## Task brief
Repeat the records below exactly, from the first line through the line containing "我们公司不只是有各类样式的桌", and leave out any pictures.

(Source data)

———

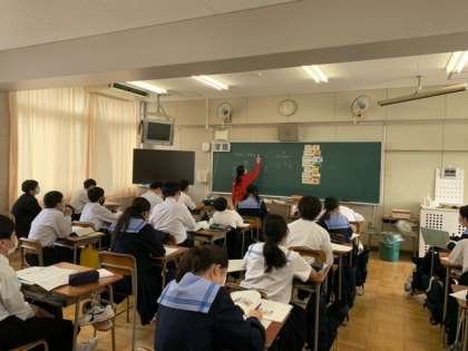 英語の授業です。夏服の人が増えました。今日(18日)から5月31日までは更衣調整期間です。夏服、冬服どちらでもかまいません。体調や気温に合わせて自分で判断してくださいね。
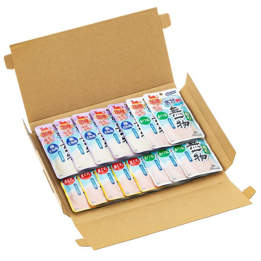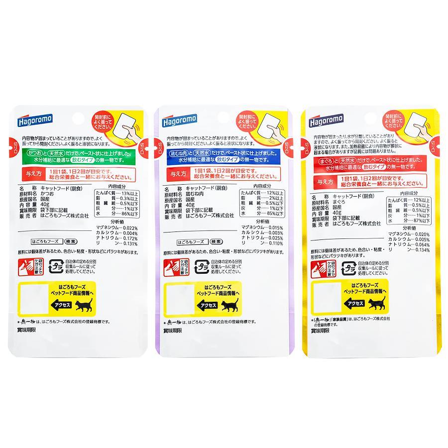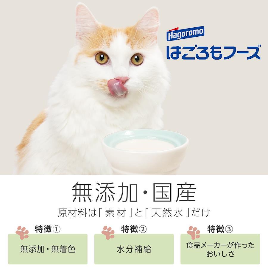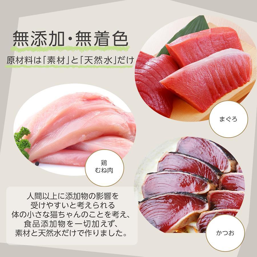 食品添加物を加えていない製品です。素材本来の旨みを味わいながら自然に水分補給ができるよう、素材と天然水だけで仕上げたキャットフードです。素材の【まぐろ】【かつお】【鶏むね肉】には良質なたんぱく質が豊富に含まれています。ペースト状になっていて与え方をアレンジできます。軽く振ってから開けるとペースト状に、よく振ってから開けると、さらさらの液状になります。毎日の食事はもちろん、夏の熱中症対策や冬の飲水量減少予防に最適です。【まぐろ】【かつお】【鶏むね肉】の3種が各5個ずつ入っています。
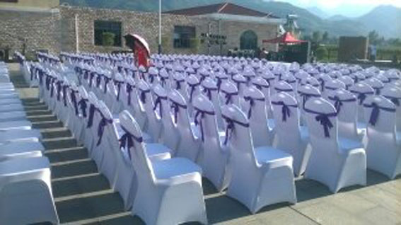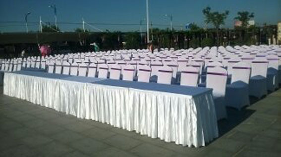 我们公司不只是有各类样式的桌子、椅子类的物料,另有各种跨度的欧式篷房、铁马护栏、帐篷、隔离带等物料可供您使用。
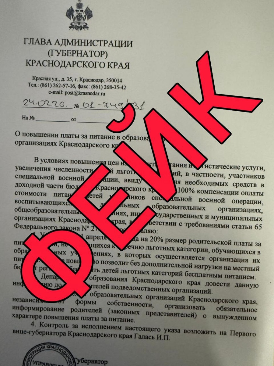 В Краснодарском крае опровергли распространяемую в мессенджерах информацию о якобы предстоящем повышении платы за школьное питание. Сообщения о том, что с 1 апреля 2026 года в образовательных учреждениях региона стоимость питания вырастет на 20% из-за увеличения числа детей льготных категорий, признаны недостоверными. Как сообщили в региональном оперативном штабе, в адрес администраторов телеграм-каналов, платформы MAX и редакций СМИ поступает поддельный документ, оформленный с грубыми нарушениями делопроизводственных норм. В частности, в тексте трижды упоминаются должности, которых не существует в структуре органов власти края. Речь идет о формулировках «глава администрации (губернатор) Краснодарского края», «первый вице-губернатор» и «департамент образования Краснодарского края». Подобные наименования не используются в официальных документах региона, что указывает на фальсификацию. В министерстве образования и науки края подчеркнули, что действующая система организации горячего питан
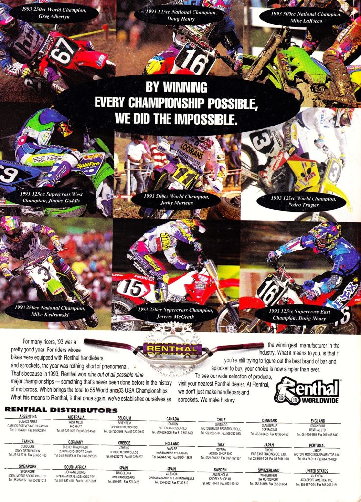 Renthal had an amazing season in 1993, capturing every major US and World Motocross title available.
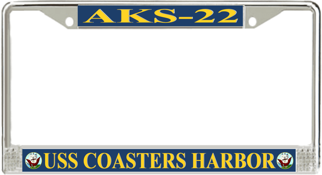 USS Coasters Harbor AKS-22 License Plate FrameThis USS Coasters Harbor AKS-22 License Plate Frame is proudly made in the USA at our facilities in Scottsboro, Alabama. Each of our MilitaryBest U.S. Navy Frames feature top and bottom Poly Coated Aluminum strips that are printed using sublimation which gives these quality automobile military frames a beautiful high gloss finish.
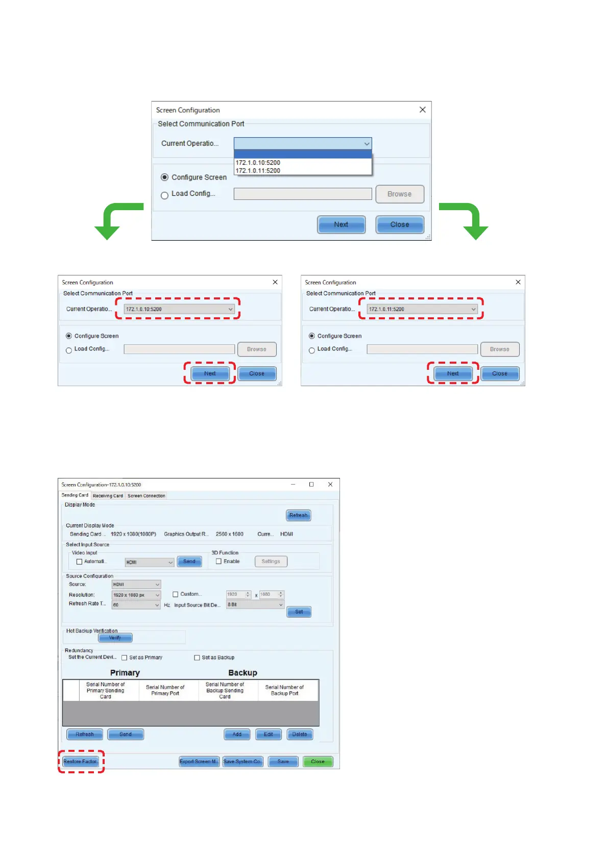 Check the port in “Select Communication Port”, select the Main (Primary) and Backup system LED controllers

———

## Worked solution
 英語の授業です。夏服の人が増えました。今日(18日)から5月31日までは更衣調整期間です。夏服、冬服どちらでもかまいません。体調や気温に合わせて自分で判断してくださいね。
 食品添加物を加えていない製品です。素材本来の旨みを味わいながら自然に水分補給ができるよう、素材と天然水だけで仕上げたキャットフードです。素材の【まぐろ】【かつお】【鶏むね肉】には良質なたんぱく質が豊富に含まれています。ペースト状になっていて与え方をアレンジできます。軽く振ってから開けるとペースト状に、よく振ってから開けると、さらさらの液状になります。毎日の食事はもちろん、夏の熱中症対策や冬の飲水量減少予防に最適です。【まぐろ】【かつお】【鶏むね肉】の3種が各5個ずつ入っています。
 我们公司不只是有各类样式的桌子、椅子类的物料,另有各种跨度的欧式篷房、铁马护栏、帐篷、隔离带等物料可供您使用。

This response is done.